La idea de robar el velero no surgió de un plan. Surgió del aburrimiento y de una botella de vino semillena que rescataron de los restos de un botellón, con una etiqueta en ruso.
—Mira, Román. Si seguimos aquí vamos a enraizar en la moqueta del aeropuerto, he visto un velero ahí fuera, sin vigilancia. ¿Qué es lo peor que puede pasar?
—¿Ahogarnos?
—Bah. Eso es secundario tengo nociones de navegación, es todo muy fácil, es cuestión de seguir unas pautas.
Román dudó. Siempre dudaba. Pero su vida era tan plana que hasta un delito le parecía una curva excitante.
—Vale. Pero si morimos, no me eches la culpa.
—¿Morir? Román, vamos a vivir. Aunque sea dos días y aunque sea de mentira.
Y así fue como empezaron su epopeya dos hombres sin destino, sin papeles, sin rumbo, pero con una absurda ilusión de que todo podía salir bien porque, simplemente, ya había salido mal demasiadas veces.
A lo largo de la historia de la navegación, los mares han sido escenario de gestas épicas, sueños de libertad y tragedias humanas.
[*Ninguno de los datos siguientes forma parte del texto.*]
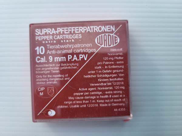 Sie kaufen eine Packung (10Stück) Wadie Supra-Pfefferpatronen i, Cal. 9mm Pistole, extrem Starke Pfefferladung, abgelaufen 12/2020 und 12/2018.

Esta, en cambio, es la historia de Paco y Román: dos expertos en pasar desapercibidos entre terminales de aeropuerto y máquinas de café averiadas, dos Ulises de chándal, sin Ítaca pero con ganas de evasión, que se lanzaron a la mar en un velero robado y sin plan de retorno. Porque, claro está, un plan implicaría pensar, y pensar cansa.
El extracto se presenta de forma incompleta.